WHAT TO WORK ON
Using the material below, print a verbatim copy of every line from the one containing "Vous apprendrez dans" through the one containing "No próximo domingo", inclusive, and omit the pictures.

SOURCE RECORDS
════════
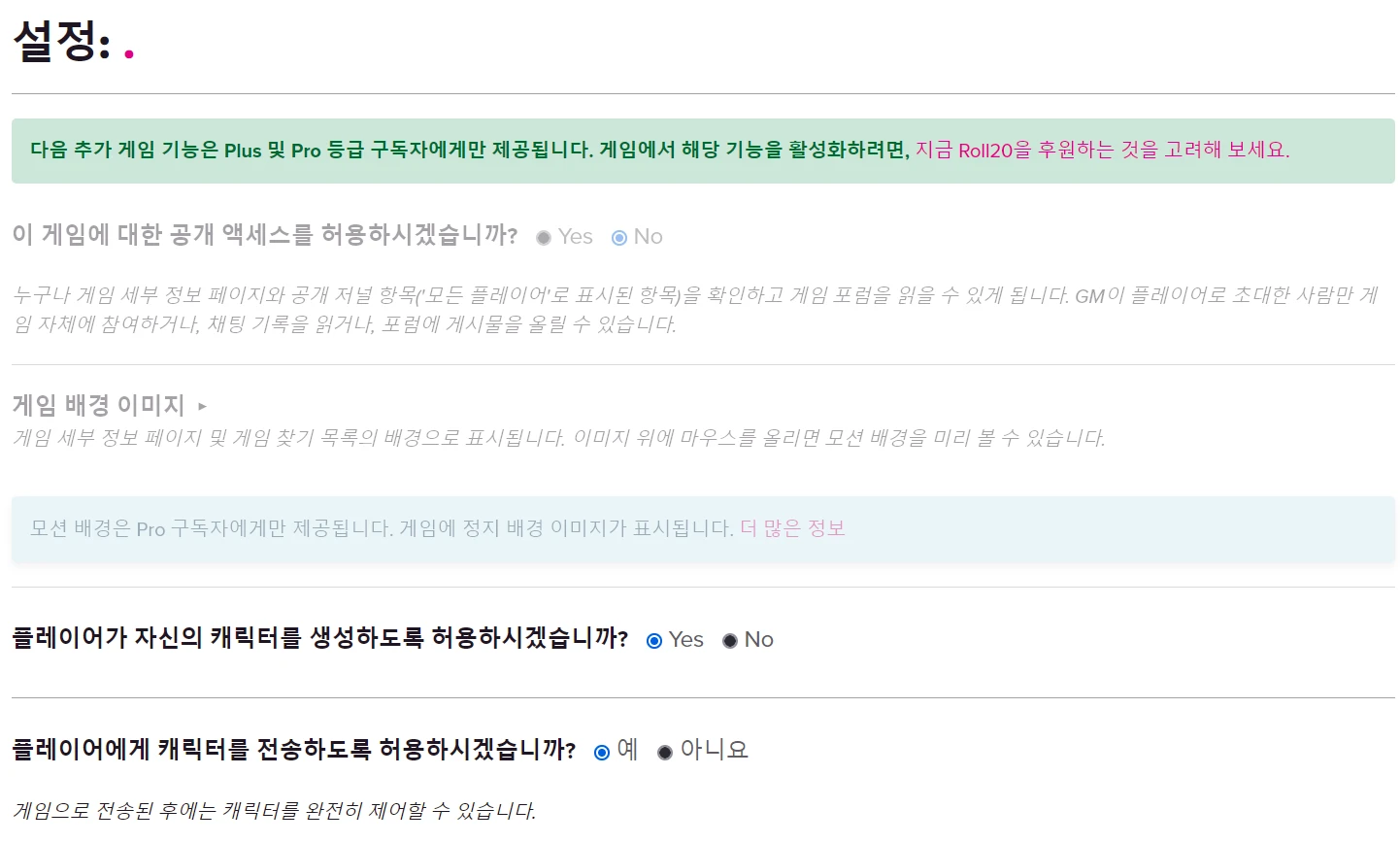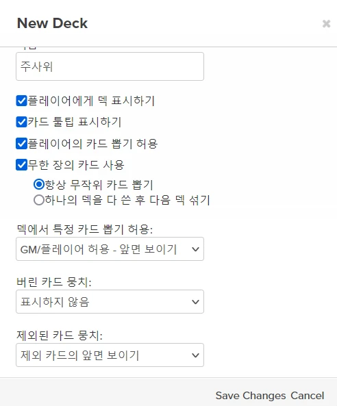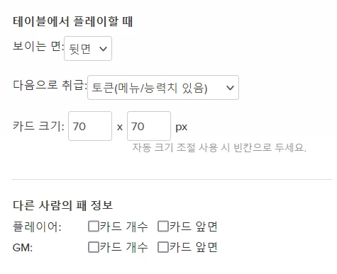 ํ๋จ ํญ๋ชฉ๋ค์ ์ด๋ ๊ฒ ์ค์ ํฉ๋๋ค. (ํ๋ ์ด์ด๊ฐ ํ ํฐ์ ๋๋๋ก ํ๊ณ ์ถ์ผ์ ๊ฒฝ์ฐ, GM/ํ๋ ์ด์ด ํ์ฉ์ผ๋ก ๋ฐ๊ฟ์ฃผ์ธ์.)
════════
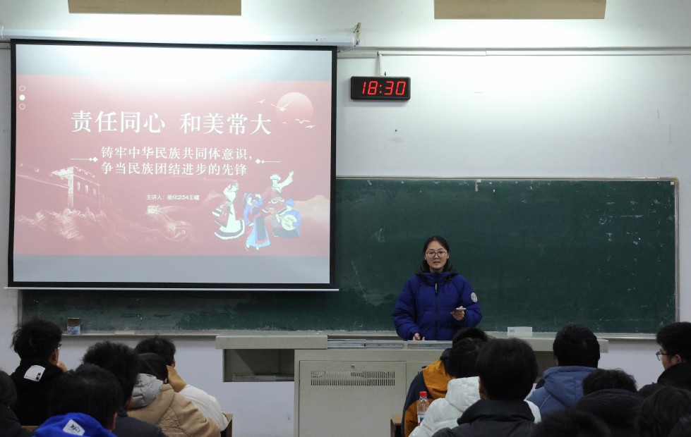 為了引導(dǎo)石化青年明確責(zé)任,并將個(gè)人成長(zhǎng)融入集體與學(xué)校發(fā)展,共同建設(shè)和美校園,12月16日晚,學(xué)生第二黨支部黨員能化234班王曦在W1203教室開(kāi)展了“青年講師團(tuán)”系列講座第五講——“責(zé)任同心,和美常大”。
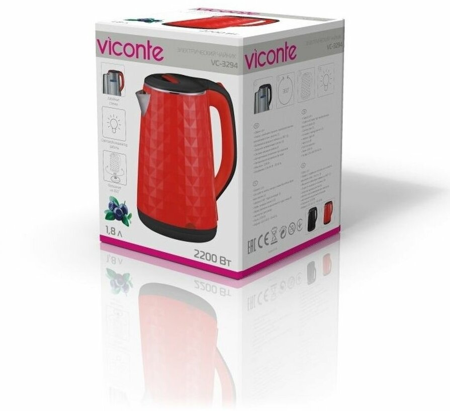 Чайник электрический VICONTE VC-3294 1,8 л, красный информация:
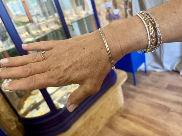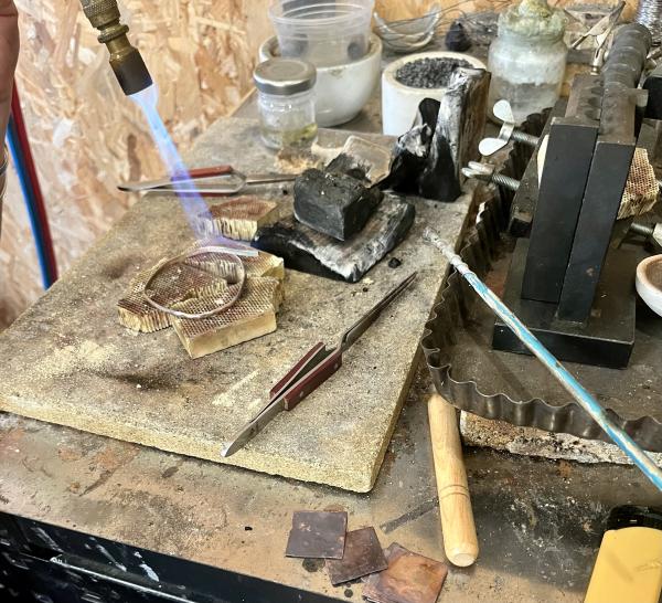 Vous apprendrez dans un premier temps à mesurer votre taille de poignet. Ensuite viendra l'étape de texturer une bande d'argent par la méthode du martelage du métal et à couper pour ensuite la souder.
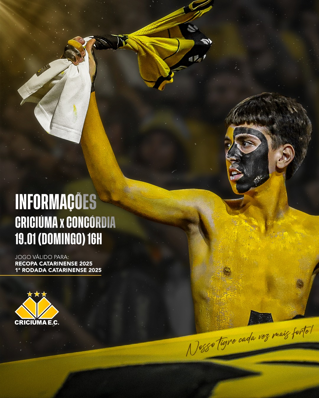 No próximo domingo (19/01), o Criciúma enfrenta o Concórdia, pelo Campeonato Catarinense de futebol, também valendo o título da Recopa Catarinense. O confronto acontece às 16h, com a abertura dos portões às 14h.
════════
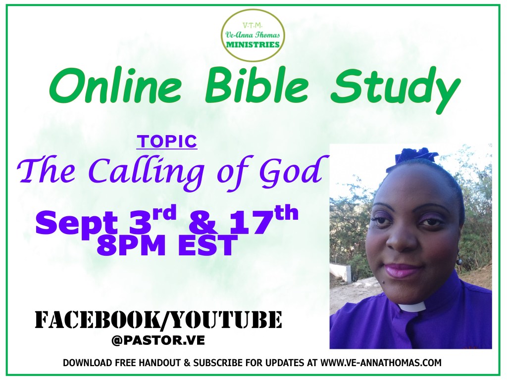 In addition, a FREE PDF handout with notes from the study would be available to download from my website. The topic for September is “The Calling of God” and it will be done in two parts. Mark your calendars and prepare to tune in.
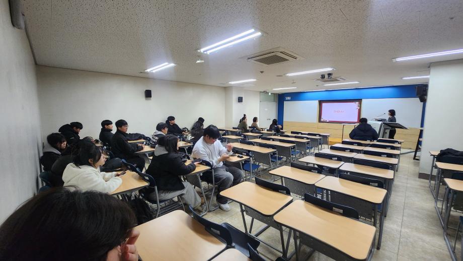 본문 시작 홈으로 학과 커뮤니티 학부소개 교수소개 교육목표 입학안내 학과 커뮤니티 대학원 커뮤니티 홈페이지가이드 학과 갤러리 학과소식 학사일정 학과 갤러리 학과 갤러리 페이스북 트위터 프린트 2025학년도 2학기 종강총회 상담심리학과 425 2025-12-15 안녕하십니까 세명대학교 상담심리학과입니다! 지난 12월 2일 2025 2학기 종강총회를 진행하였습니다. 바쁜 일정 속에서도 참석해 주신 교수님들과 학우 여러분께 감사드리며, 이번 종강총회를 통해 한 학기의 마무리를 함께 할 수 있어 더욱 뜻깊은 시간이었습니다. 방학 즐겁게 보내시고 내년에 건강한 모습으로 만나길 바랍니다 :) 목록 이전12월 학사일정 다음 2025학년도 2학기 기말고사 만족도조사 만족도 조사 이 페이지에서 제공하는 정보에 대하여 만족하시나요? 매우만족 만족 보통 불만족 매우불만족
════════
SOLUTION FOR THIS PROBLEM
 Vous apprendrez dans un premier temps à mesurer votre taille de poignet. Ensuite viendra l'étape de texturer une bande d'argent par la méthode du martelage du métal et à couper pour ensuite la souder.
 No próximo domingo (19/01), o Criciúma enfrenta o Concórdia, pelo Campeonato Catarinense de futebol, também valendo o título da Recopa Catarinense. O confronto acontece às 16h, com a abertura dos portões às 14h.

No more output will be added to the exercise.